论文标题
Edna-Covid:一条大规模的Covid-19 Tweets数据集用Edna流媒体工具包收集
EDNA-Covid: A Large-Scale Covid-19 Tweets Dataset Collected with the EDNA Streaming Toolkit
论文作者
论文摘要
COVID-19-Pandemic从根本上改变了我们生活的许多方面。随着全国范围内的封锁和全职咨询,关于大流行的对话自然转向了社交网络,例如叽叽喳喳。这为在存在长期稳定的因素(例如大流行与大量,高速,高速,高噪声,高噪声Covid-19 Twitter-19 Twitter Feed)的情况下,对社会话语演变的发展提供了前所未有的见解。但是,从此类数据流中提取的实时信息提取需要容忍缺陷的流媒体基础架构,以从新闻机构,社会提要和CDC等权威医疗组织中对异源数据源进行非平凡整合。 To address this, we present (i) the EDNA streaming toolkit for consuming and processing streaming data, and (ii) EDNA-Covid, a multilingual, large-scale dataset of coronavirus-related tweets collected with EDNA since January 25, 2020. EDNA-Covid includes, at time of this publication, over 600M tweets from around the world in over 10 languages.我们将EDNA工具包和Edna-Covid数据集释放给公众,以便它们可以用于提取有关此非凡社交活动的宝贵见解。

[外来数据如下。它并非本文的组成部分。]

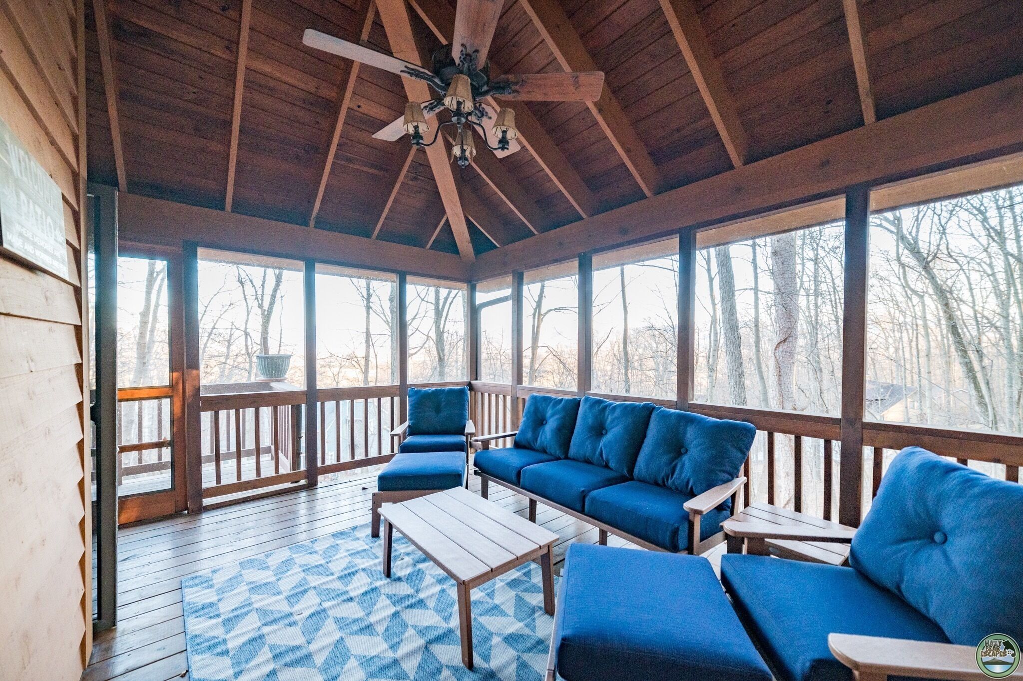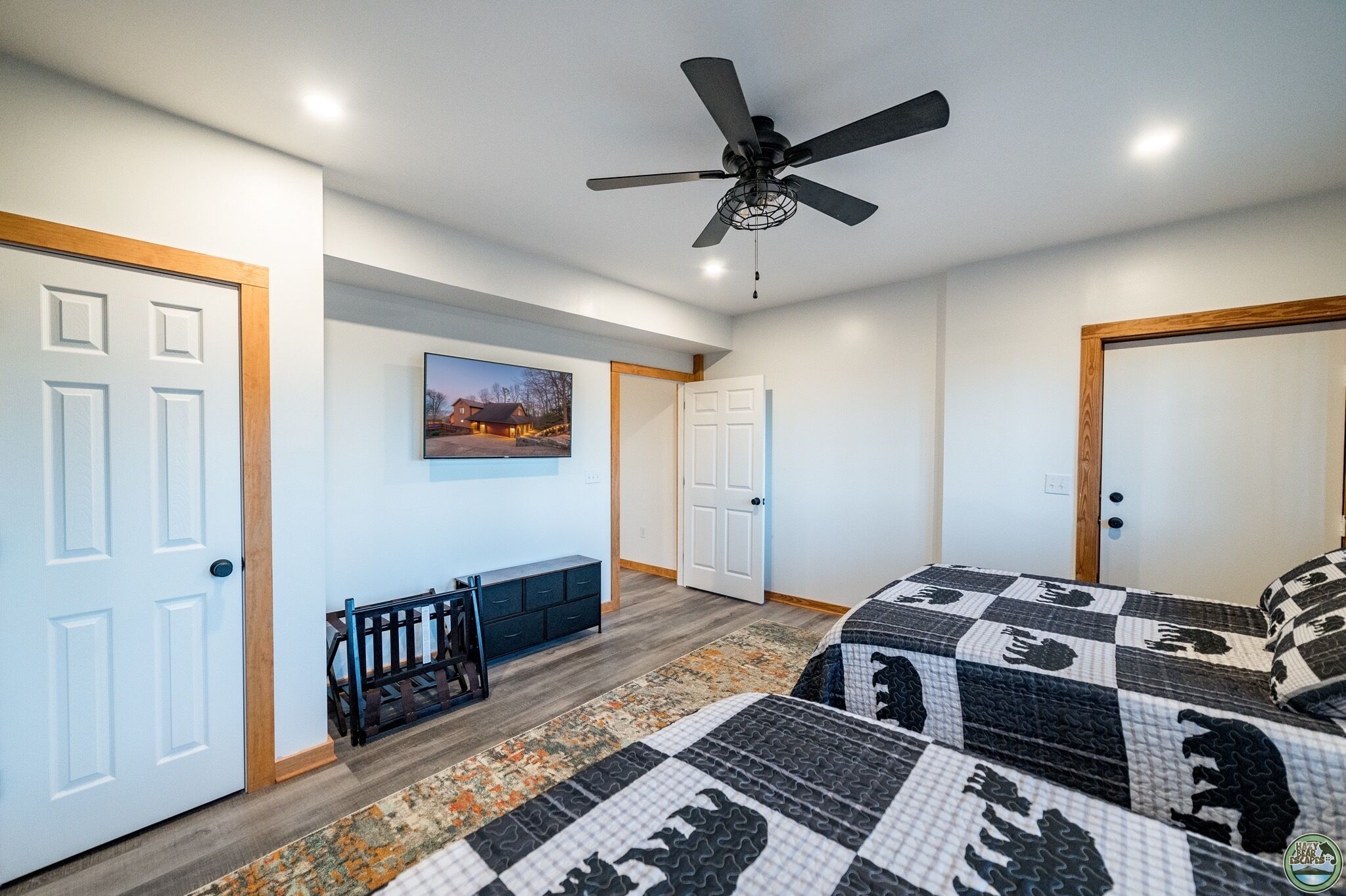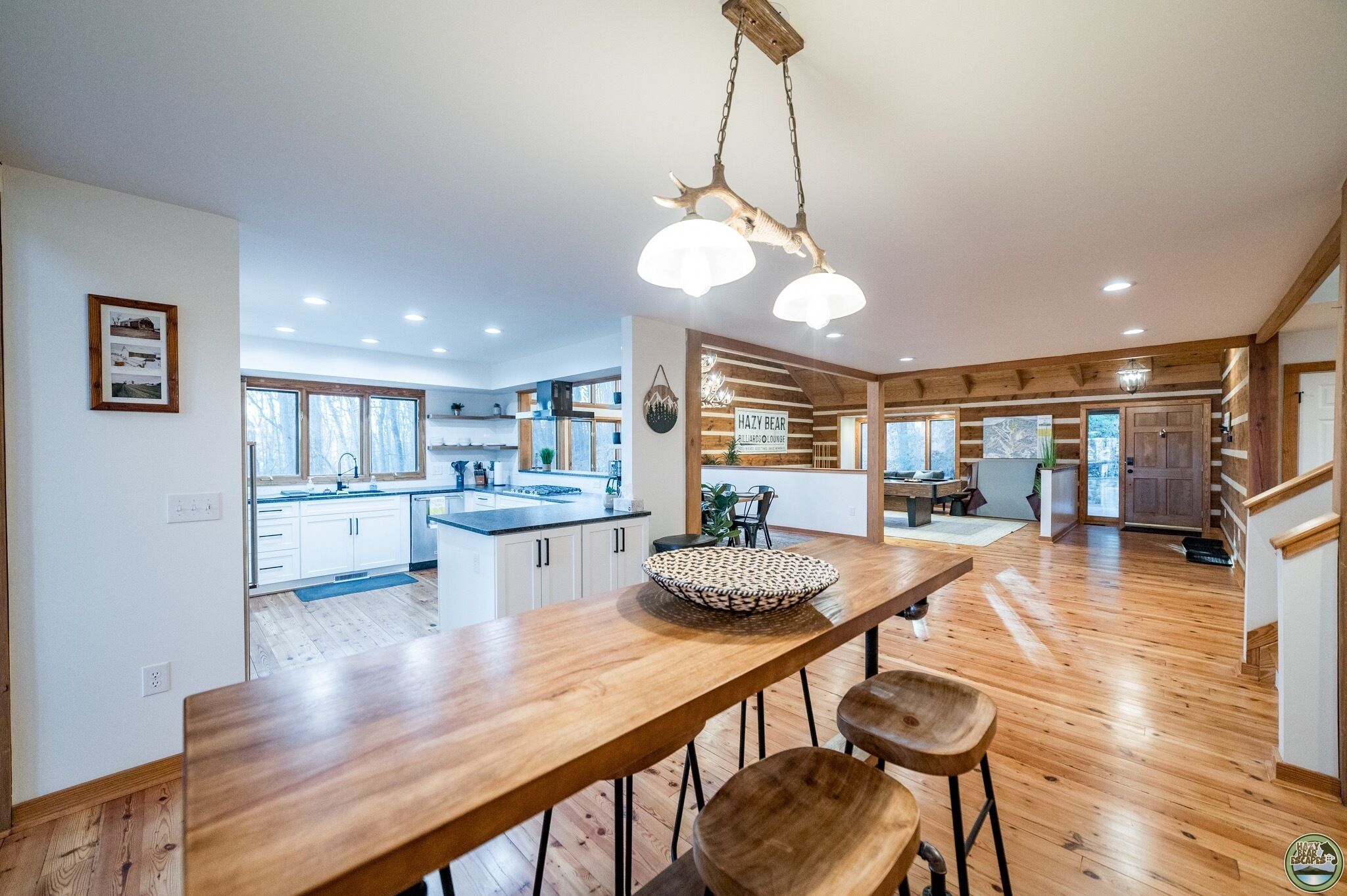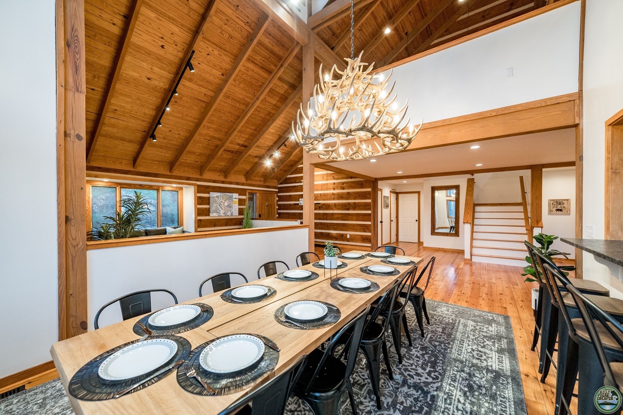 🎓JMU Grad 🐻 Natl Park🎥Theater 🥵Barrel Sauna🛁HotTub 🎱Billiards🏓GameRoom🔥Fireplace 🏡Completely renovated 5500 sqft custom cabin📽️Theater Room (120in screen, Martin Logan surround)🌄Seasonal Mountain View’s🏎️Short drive to all Massanutten Resort activities🛌5-Private bedrooms💤Sleeps 14 guests🔥Hot Tub🔥4-person Barrel Sauna🎱Billiards Room🏓Game Room- Air Hockey, Ping Pong🔥Electric Fireplace🛀🏻Soaking tub- master bath💦🎿⛳️Community Amenities💻GIGABIT+ Hi-speed WiFi🧑🍳Fully Equipped Kitchen🪑Huge Deck Areas🔢Keyless Entry📺Streaming TV's in every room‼️Min Renter Age 25🚫🐶No PetsCentrally located just a short drive to all Massanutten Four Season Resort activities, experience Hazy Bear Haven, a fully remodeled custom built rustic modern cabin getaway offering seasonal panoramic views and 365-days of beautiful sunrises coming up over the Shenandoah Valley ridge-line! ~Over 5500 sqft across 3-levels~ 5 private bedrooms~ 3.5 Bathrooms + Mudroom shower~ Audiophile 9.2.4 Surround Sound Home Theater Room ~ Custom built home perfect for multiple families, an extended family or large group of friends. You are only:~1mi to all Massanutten Resort activities mins~12mi to James Madison University and Historic Harrisonburg~12mi to Shenandoah National Park~27mi to World Famous Luray CavernsARRIVAL/PARKING-----------When pulling up to the property most guests will want to park up on the street around the flat-circle area as the driveway is steep and requires 4WD in all months. The street parking around the circle can accommodate approximately 4-vehicles. The bottom of the driveway can accommodate another 2 or 3 vehicles with careful arrangement. We have a 50A plug outside of the garage that can be used for electric vehicle charging. (BYO-charging cord/plug)~Steep Driveway requires 4WD (2-3 vehicles)~Easier Street Parking Available (4-vehicles) **Please note 4WD still needed to reach the cabin in icy/snowy conditions**~Outdoor EV Charging outlet (BYO-charger/plug)ENTRY-----------~String Light Lined Walkway Steps~Unique Asian Trees & Water Feature~Keyless Entry at Front and Side DoorsMAIN FLOOR----------------As you step through the front door into the living room, you’ll need a second to take in the open feeling created by the soaring windows and ceilings. The tongue and groove ceilings, and chinook wood walls give the home a rustic feeling while the new furnishings and decor bring in the perfect mix of modern comfort. The original wood floors in the home were preserved during renovation as they had been sourced from an old Mennonite barn that can be seen in the photos next to the kitchen. These were re-finished with a clear coat to bring them back to life, but the amazing history of the barn remains! ~Huge windows and soaring ceilings 20ft+~Newly refinished Original wood floors from local Mennonite barn~Rustic/modern furnishings and decorBILLIARDS ROOM (main floor)---------------------~Newly re-covered 8ft pool table~Plenty of pool table accessories~Plenty of seatingDINING (main floor)---------~Solid wood dining table (12-seats)~Kitchen bar (4-seats)~Breakfast Nook Table (6-seats)~Giant Antler Chandelier (50" wide, 42" tall, 27 light bulbs) KITCHEN (main floor)---------------------------We provide a generous supply of cookware, silverware and much more to accommodate your stay. Our little coffee bar has a Cuisinart Dual-function coffee maker that brews both K-Cups and drip coffee. We provide a starter pack of K-Cups for your stay!~New Cabinets - Dec 2022 ~New Chiseled Edge Leathered Granite Countertops - Dec 2022 ~New Custom floating shelves - Dec 2022~New Tiled Backsplash - Dec 2022~Wall Oven~Wall microwave oven~5-burner Gas range~Refrigerator~Dishwasher~Large Single Basin SinkBREAKFAST NOOK (main floor)-----------------------~Wood pub-style industrial breakfast table and stools~Seating for 6 guests~Beautiful Wood wall paneling/constructionLIVING ROOM/FIREPLACE ROOM (main floor)----------------------------------------~Soaring Slate Stone Electric Fireplace~Ample comfortable seating (large sectional, lounge chairs and poofs)~55" Vizio Flat Panel Smart TV (with Roku Device and Xfinity Live TV Streaming)PRIMARY BEDROOM (main floor)-----------------------~King-size bed~55" Vizio Smart TV~Walk-in ClosetPRIMARY BATHROOM (main floor)-----------------------------~Dual Vanities~Huge Soaking Tub~Huge Walk-In Shower with Rain-head Shower System~Private Toilet1/2 BATHROOM (main floor, shared)----------------------Next to the laundry room, guests will find the shared 1/2 bath, AKA the 'Necessary Room'. We have a toilet, single sink vanity & mirror in the Necessary Room. ~Single sink vanity~Mirror~ToiletLAUNDRY ROOM/MUD ROOM (main floor)---------------------~ Additional Coat Closet~Vintage mudroom shower stall~ Full-size LG Washer & Dryer~ Utility Sink~ Garage AccessGARAGE (main floor)-----------We have a large 2-car garage that we allow access to via inside the house. Since we cannot regularly update the garage keypad code, we ask that any guests wanting to use the garage, access from inside the house. We will not be held responsible for any damages occurring to guests vehicles if they choose to park in the garage. Guests will be responsible for damages caused to the property if improperly parking in the garage. ~2-car garage~access from inside home~use at your own riskHOT TUB (main floor - outdoor deck)__________~Circle hot tub seating up to 6 guests~Privacy decking and string lights for mood and ambiance~Easiest access via the side door of the homeOUTDOOR DECK (main floor - outdoor deck)--------------------------Passing by the hot tub as you round the corner of the deck there is a large unscreened deck area with an outdoor table and seating area. The outdoor table seats up to 4 guests, with additional comfortable seating offered in both the unscreened and screen patio areas. !!Please note: Our home is located in a wooded ar

The Covid-19 pandemic has fundamentally altered many facets of our lives. With nationwide lockdowns and stay-at-home advisories, conversations about the pandemic have naturally moved to social networks, e.g. Twitter. This affords an unprecedented insight into the evolution of social discourse in the presence of a long-running destabilizing factor such as a pandemic with the high-volume, high-velocity, high-noise Covid-19 Twitter feed. However, real-time information extraction from such a data stream requires a fault-tolerant streaming infrastructure to perform the non-trivial integration of heterogenous data sources from news organizations, social feeds, and authoritative medical organizations like the CDC. To address this, we present (i) the EDNA streaming toolkit for consuming and processing streaming data, and (ii) EDNA-Covid, a multilingual, large-scale dataset of coronavirus-related tweets collected with EDNA since January 25, 2020. EDNA-Covid includes, at time of this publication, over 600M tweets from around the world in over 10 languages. We release both the EDNA toolkit and the EDNA-Covid dataset to the public so that they can be used to extract valuable insights on this extraordinary social event.